Every agent run is an agent_task row. Delegation adds linkage fields so a tree of runs can be reconstructed, bounded, and cancelled as a unit:

parent_task_id: The immediate parent run. None means a top-level (root) task.
root_task_id: The top of the delegation tree, denormalized onto every descendant so the whole subtree can be fetched and counted cheaply.
depth: 0 for a root; incremented by one at each delegation level. Enforced against the depth cap.
spawned_by_agent_definition_id: The specialist definition this child was delegated to. None marks an ephemeral child. This is the field the UI reads to label a node Specialist vs. Ephemeral.
delegation_label: The short, human-readable label the parent gave the sub-job (for example check BGP on core), shown on the node in the workflow graph.

A child task carries status through the same lifecycle as any task — pending → running → one of completed, failed, or cancelled (the three terminal states). The parent blocks until the child reaches a terminal state, then reads its result.

Specialists vs. Ephemeral Children

	Specialist child	Ephemeral child
Created by	Passing `agent_id` to `delegate_to_agent`	Omitting `agent_id`
System prompt	The specialist definition's saved system prompt	The default agent system prompt
Model / temperature / limits	The specialist definition's overrides	The global agent config
Workflow label	Specialist	Ephemeral
Reusable	Yes — declared once, used by name	No — exists only for this sub-job

When a specialist is named, the child is created with that definition written to both agent_definition_id (so the child executes with the specialist's prompt and settings) and spawned_by_agent_definition_id (the delegation marker). An ephemeral child leaves both None and runs with the default agent configuration.

The Two Delegation Tools

Orchestration is exposed to the model as two tools. The intended flow is discover, then delegate:

Call list_specialists to see what declared specialists exist.
If one matches the sub-job, call delegate_to_agent with its id. If none matches, call delegate_to_agent without an id to spin up an ephemeral child.

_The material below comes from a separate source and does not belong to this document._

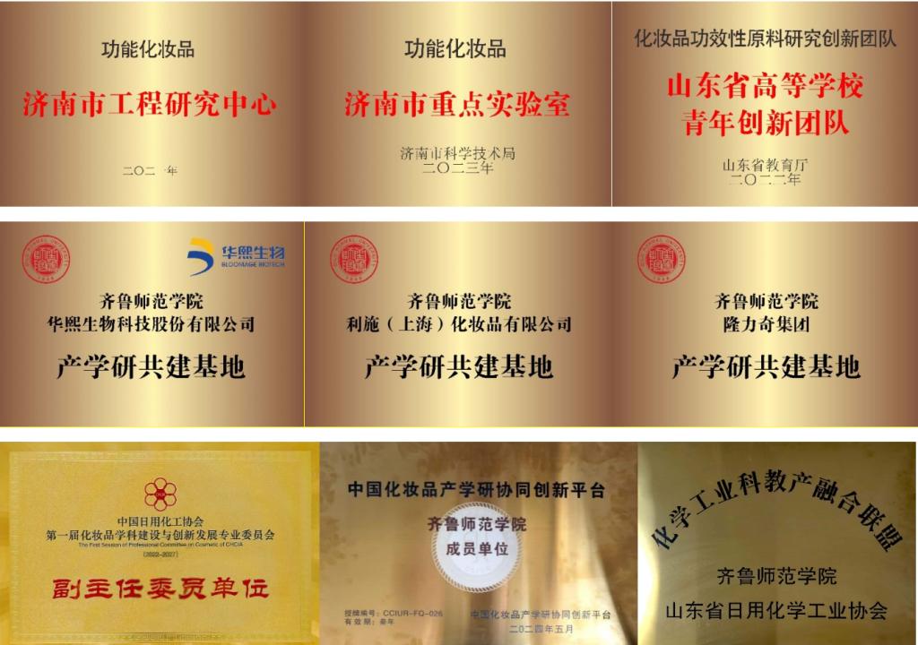 中心建立有机、无机合成及表征实验室、工艺过程模拟及优化实验室、化妆品原料研究室、分析检测中心、毒理分析实验室、功效评价实验室等,科研仪器设备资产总值达1500万元。中心于2017年、2019年、2021年通过山东省质量技术监督局、山东省药品监督管理局、中国合格评定国家认可委员会审核,获批化妆品检验检测资质机构,具备非特化妆品备案CMA和CNAS资质;2021年获批济南市功能化妆品工程研究中心;2023年获批功能化妆品济南市重点实验室、济南市第二批市校融合发展战略工程项目(化妆品专业人才培养与产教融合平台建设);2023年加入中国日用化工协会化妆品学科建设与创新发展专业委员会,获批成为副主任委员单位;2024年获批中国化妆品产学研协同创新平台成员单位。同时,搭建化妆品内外包材展示公益平台,引进60余家国内外知名化妆品外包材企业,对外展示近千余种满足各类护肤品和彩妆产品需求的、各类材质的内外包材和工艺产品。

The default Agent Operating Guide that is appended to every agent's system prompt states this explicitly, so a well-behaved model already knows the pattern:

To delegate a self-contained sub-task, call list_specialists, then
delegate_to_agent with a specialist's id (or omit the id for an
ephemeral child) and use its result.

Editable operating guide

The operating guide is editable in Settings → Prompts (the "Agent Operating Guide", stored at the ai.agent_operating_guide setting). It falls back to the built-in default when unset. This is where you reinforce when your agents should delegate versus do the work themselves.

list_specialists

Returns the enabled user-declared specialist agents the caller may delegate to. Disabled definitions are filtered out. It takes no input.

tool definitionjson

{
  "name": "list_specialists",
  "input_schema": { "type": "object", "properties": {}, "required": [] }
}

The result is a flat list of id, name, and description:

list_specialists resultjson

{
  "specialists": [
    {
      "id": "a1f3...",
      "name": "BGP Auditor",
      "description": "Reviews BGP session health and flags AS/prefix mismatches."
    },
    {
      "id": "b7c2...",
      "name": "Config Diff Reviewer",
      "description": "Compares running vs. startup config and summarizes drift."
    }
  ]
}

Call it first

The tool's own description instructs the model to call list_specialists before delegate_to_agent: if a specialist matches, pass its id; if none matches, delegate without an id. Pass a good description when you declare a specialist — it is the only thing the model sees when deciding whether to route to it.

delegate_to_agent

Creates a linked child run, spawns it, and blocks awaiting its result, then returns that result so the parent can continue. Only prompt is required.

tool definitionjson

{
  "name": "delegate_to_agent",
  "input_schema": {
    "type": "object",
    "properties": {
      "prompt": {
        "type": "string",
        "description": "Full, self-contained instructions for the child agent."
      },
      "agent_id": {
        "type": "string",
        "description": "Specialist agent id from list_specialists. Omit for an ephemeral child."
      },
      "label": {
        "type": "string",
        "description": "Short label for this sub-job (e.g. 'check BGP on core'), shown in the workflow graph."
      },
      "timeout_seconds": {
        "type": "integer",
        "description": "Max seconds to wait for the child (default 300)."
      }
    },
    "required": ["prompt"],
    "additionalProperties": false
  }
}

On success, the tool returns the child's terminal state and result:

delegate_to_agent result (child finished)json

{
  "delegated": true,
  "child_id": "9d4e...",
  "specialist_id": "a1f3...",
  "status": "completed",
  "result": "{ ... the child's result_json ... }",
  "error": null
}

If the child has not finished by timeout_seconds (default 300s), the tool returns control to the parent but leaves the child running in the background — its result is still reachable from the workflow graph:

delegate_to_agent result (timed out wait)json

{
  "delegated": true,
  "child_id": "9d4e...",
  "status": "running",
  "note": "Child still running after 300s; it continues in the background — check the workflow for its result."
}

Refusals are not errors

When a guardrail trips (depth, fan-out, tree size) or a named specialist is missing or disabled, delegate_to_agent returns a structured refusal — { "delegated": false, "reason": "..." } — rather than throwing. The model reads the reason and adapts (does the work itself, combines sub-jobs) instead of retrying blindly. An empty prompt is the one case that is a hard input error.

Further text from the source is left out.